今まで話したことはもちろん無いし、見かけたのも数回だけなのに。
俺、なんかヤバいことしたっけ?
記憶を辿ってみても思い当たる筋が全くない。

「僕、ずっと君と話してみたかったんだ」

ふわりと優しく微笑まれ、一瞬ときめいてしまった。
それにしても俺と話したいって……なんでだろう?
なにか趣味が合うとか?
うーん、俺特にこれといった趣味ないもんなぁ。
いまいち城之内の考えてることが掴めない。
もう、いろんなことが同時に起こりすぎて頭がパンクしそう。

「何で……俺?」
「うーん、何となく……?」

聞いてみたけど、余計わからなくなった。
まぁ気にすることもないか。
こんなの俺らしくないし。
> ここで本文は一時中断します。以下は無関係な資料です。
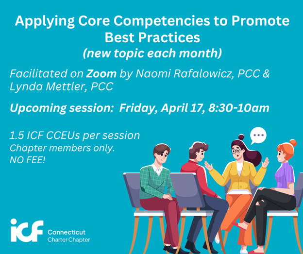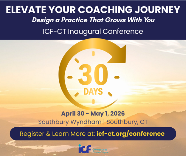 The countdown is on - there are just 30 days until the inaugural conference of ICF-CT, April 30-May 1. Don’t miss this exciting, valuable and informational event, packed with sessions that encourage coaches to pause, reflect, connect, and intentionally design a practice that grows with them—professionally, personally, and sustainably. It starts with our evening kickoff workshop, “Improv for Coaches” on Thursday, followed on Friday by our inspirational keynote presenter Ranieka Weston, PCC and an exciting lineup of dynamic workshop presenters. Attendees can earn a total of 9.25 CCEUs (4.75 Core Competency, 4.5 Resource Development). Check out the full agenda and all the details at icf-ct.org/conference.
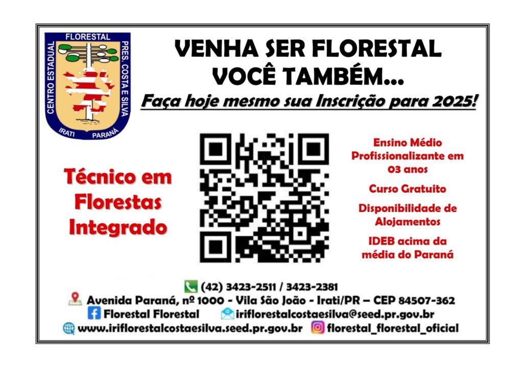 Mais informações podem ser obtidas pelos telefones (42) 3423-2511, 3423-2381 ou nas redes sociais do Colégio Florestal.
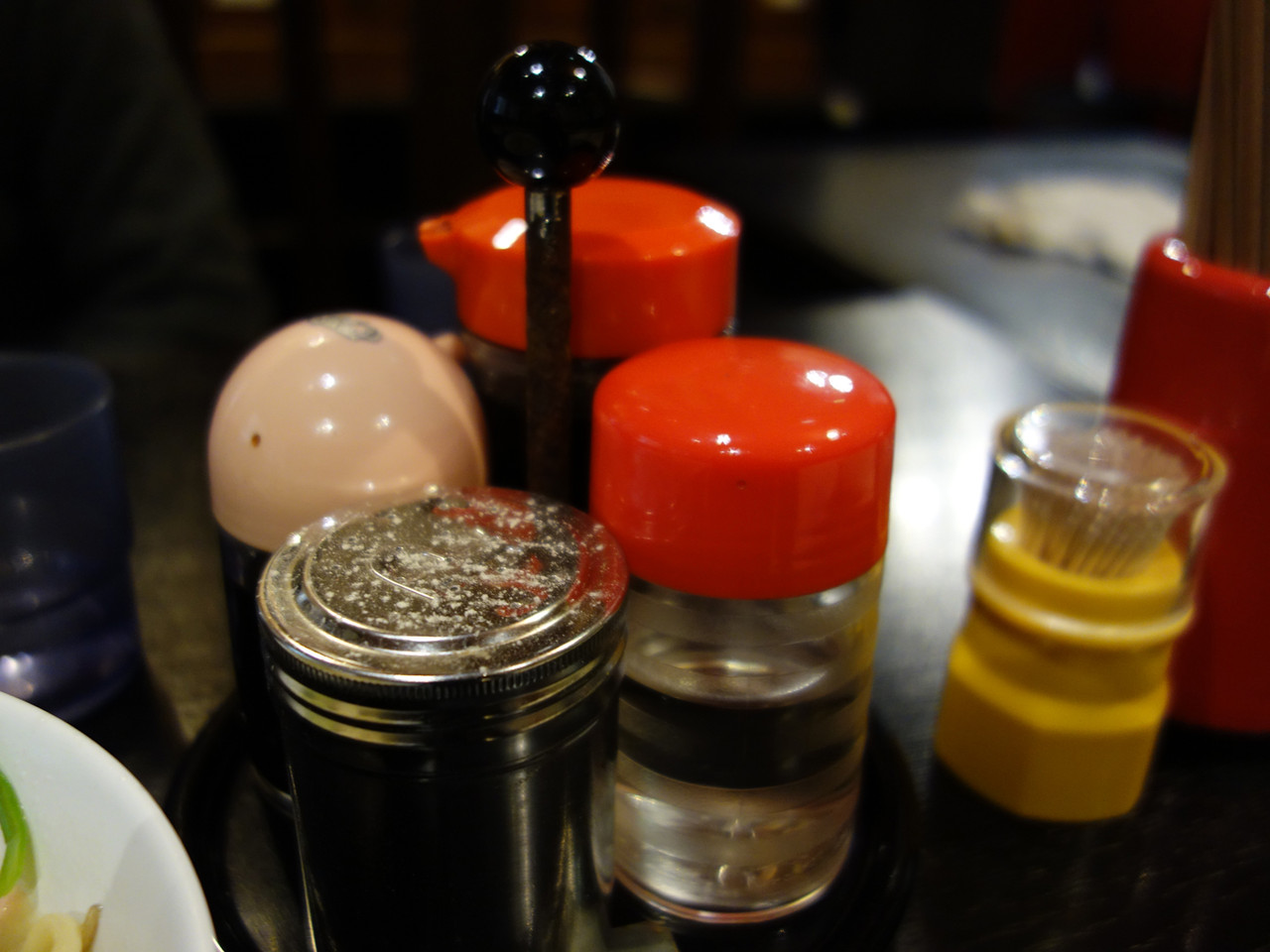 卓上には、ウスターソース・醤油・酢・コショウがあります。
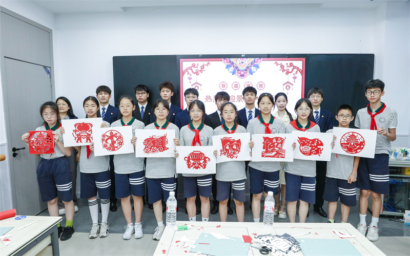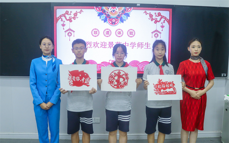 活动第二阶段是“纸短情长妙‘剪’生花,传承剪纸践行爱国”剪纸活动。民航交通学院教师楼海燕和马克思主义学院思政课教师为中学生们传授了国家级非物质文化遗产剪纸技艺。他们以“中国梦,爱我中华”为主题,将中华传统文化和爱国主义融入活动中。一幅幅精心制作的剪纸作品蕴含着深厚的文化意义,表达了同学们对中华优秀传统文化的热爱和对祖国的深情。
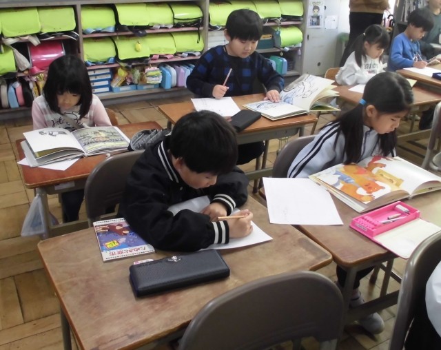 国語の時間に、昔話を読みました。いろいろな昔話を読んで、登場人物や思ったことをカードに書きました。1冊読み終わると次の本を探して、次々に読んでいきました。今後は、読んだ本の中から気に入ったお話を選ん...
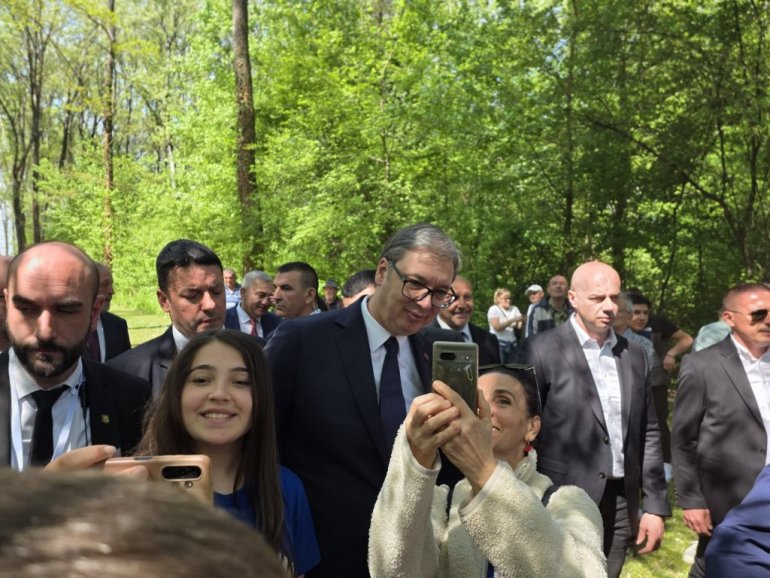 Dolazak predsednika Vučića izazvao je veliko interesovanje najmlađih, koji su zamolili da se fotografišu sa njim.
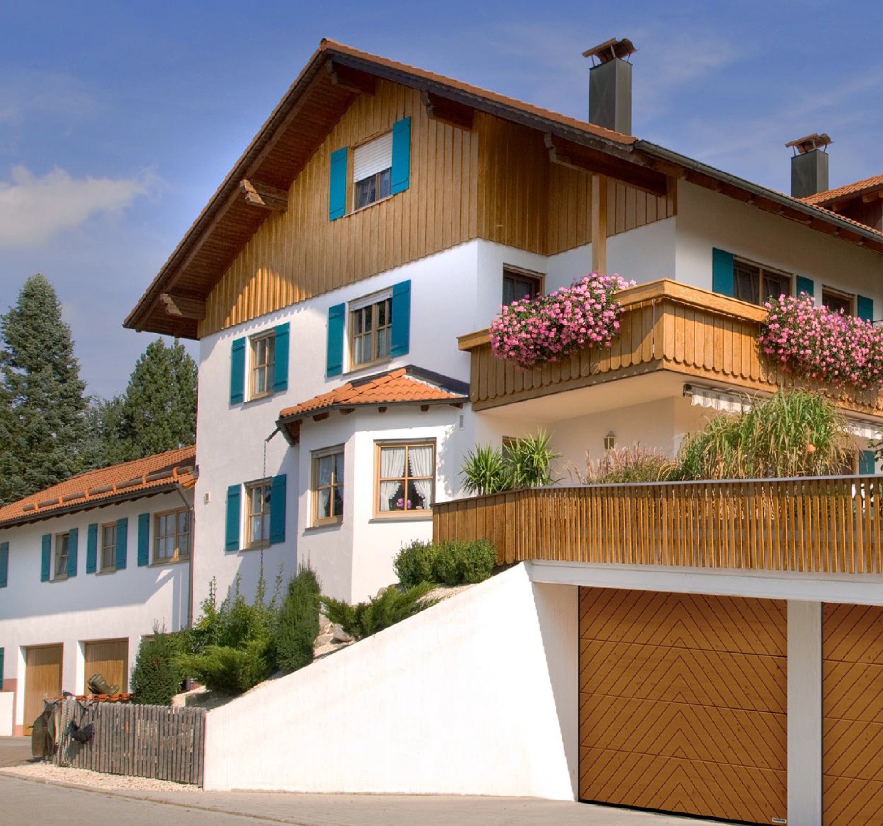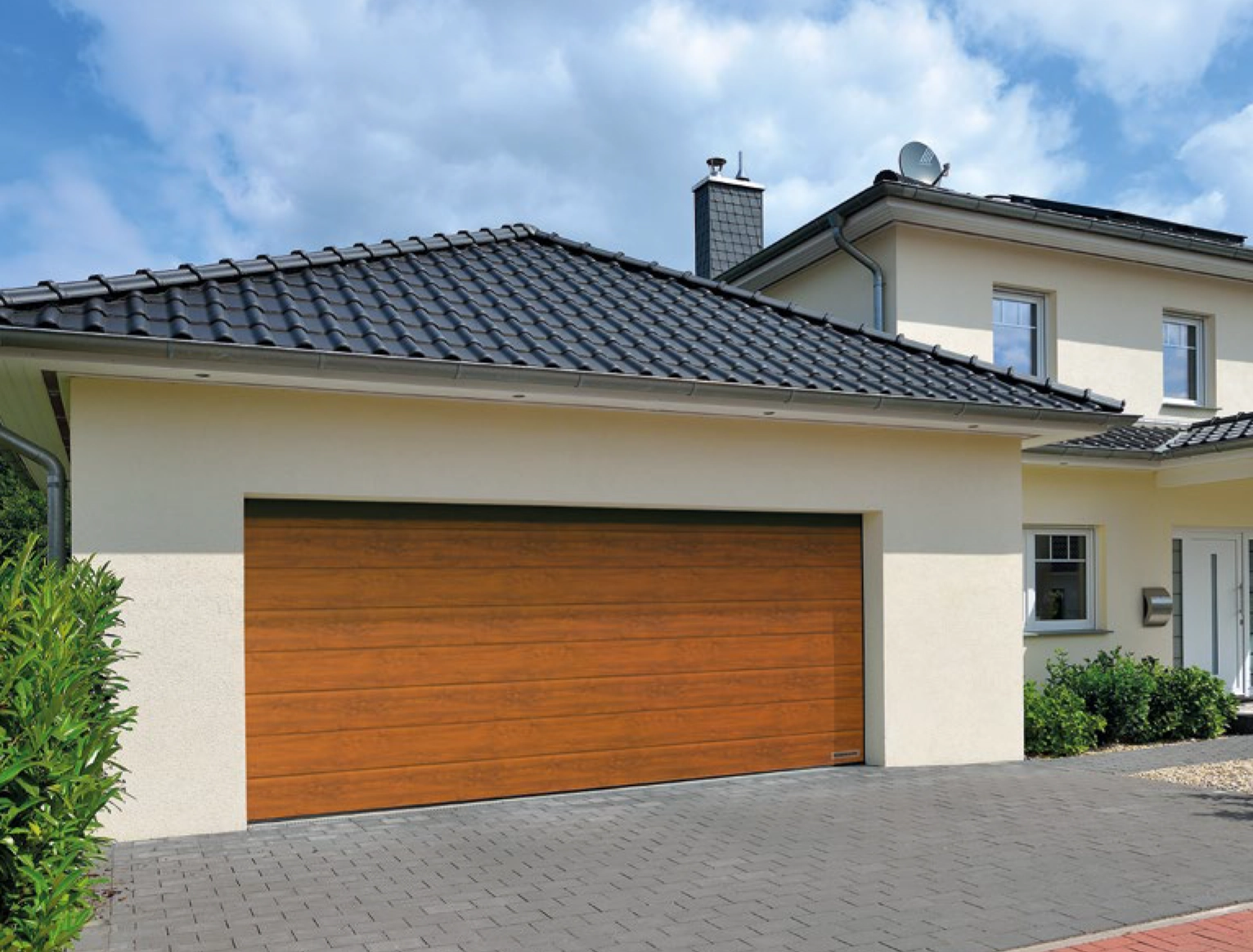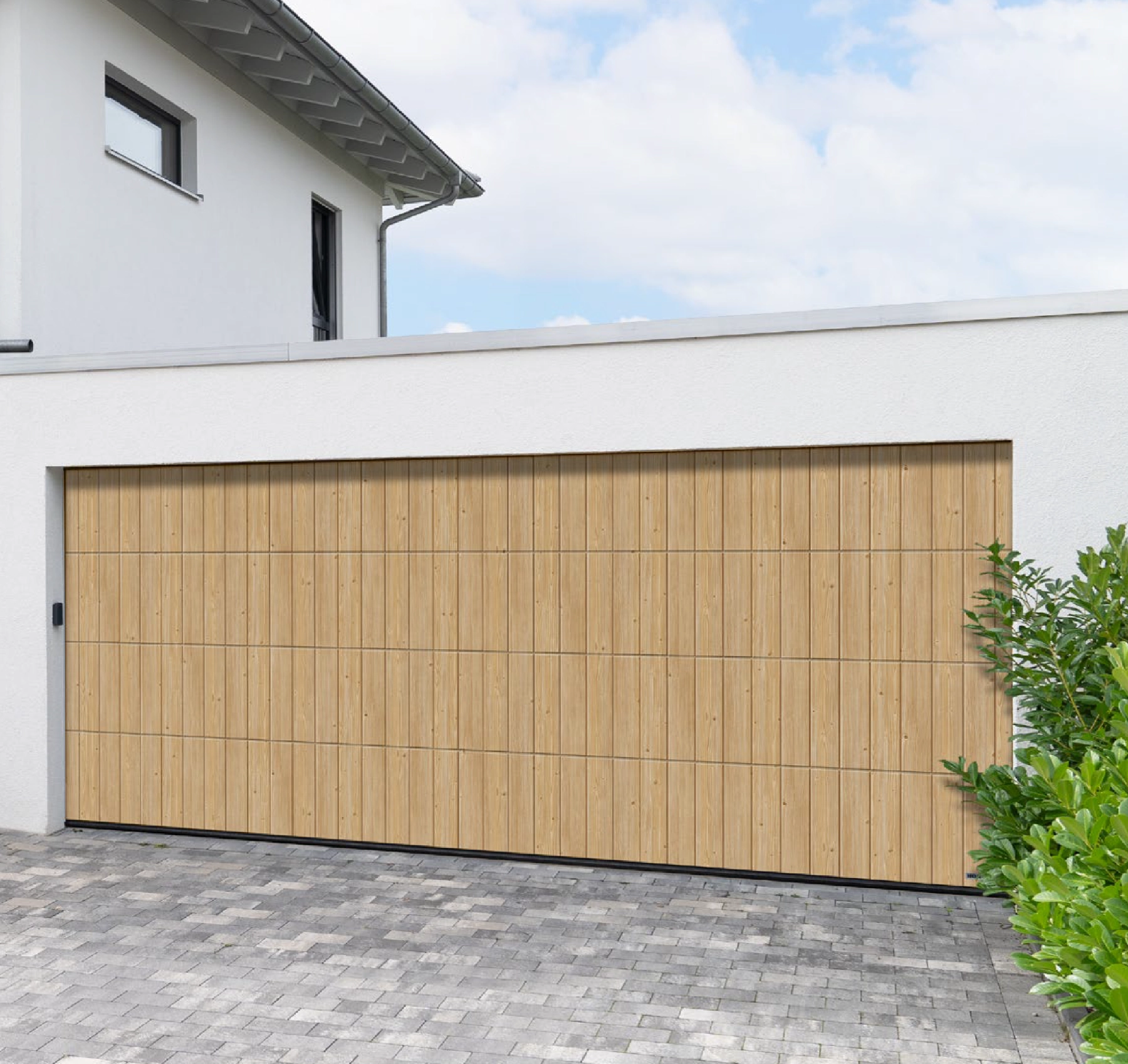 Hier sollte das Tor die moderne, helle Architektur ergänzen – ohne aufdringlich zu wirken. Die Holzoptik sorgt für Wärme im Look, während die Umsetzung auf präzise Montage und einen zuverlässigen Torlauf ausgelegt ist.
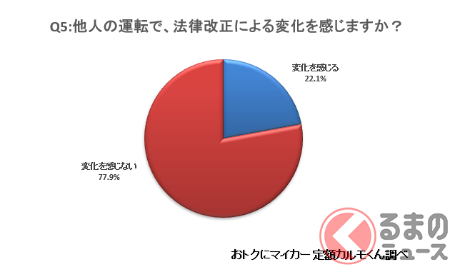さらに、改正道路交通法の内容について、把握しているや、なんとなく把握していると答えた人1337人に、6月30日以降、他人の運転で法律改正による変化を感じるかどうかを聞いたところ、 22.1%(296人)が「変化を感じる」と回答。
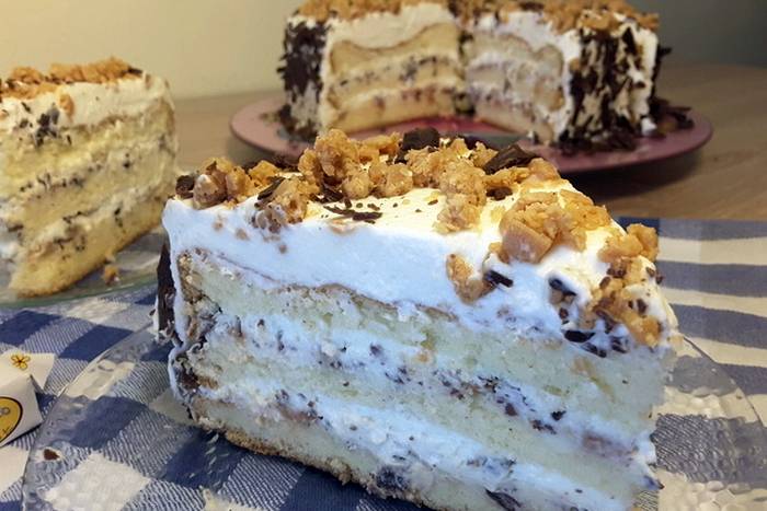 Na podlogu staviti obruč kalupa za tortu, pa u njega staviti prvu koru. Koru namazati kremom od mliječnog namaza, zatim posuti komadiće karamela i čokolade, a preko toga namazati šlag kremu. Nakon toga druga kora, pa ponoviti postupak s kremama, čokoladom i karamelama. Nakon toga dođe treća kora koja se premazuje samo šlag kremom, a zatim se ukrasi ostatkom karamela i čokolade.

別に嫌われてるわけじゃなさそうだから良しとしよう!

城之内は爽やか好青年君(名前がわからない)の手と足についてる鎖みたいなのをとって、ハァと溜め息をついた。

「ハァ……時間の無駄だったなぁ」

爽やか好青年君を見てみたら、数メートル離れたここからでも見えるくらい震えてる。
だ、大丈夫なのかな……?
いや、見た限り大丈夫そうじゃないけれども。
しばらく見ていたらパチッと目が合ってしまった。
しかし何の反応もなく、そそくさと着替えて教室を飛び出していった。

思ったんだけど、この2人は何がどうなってあんなことをしてたんだろう。
聞きたいけど聞けない。
あー、もどかしい。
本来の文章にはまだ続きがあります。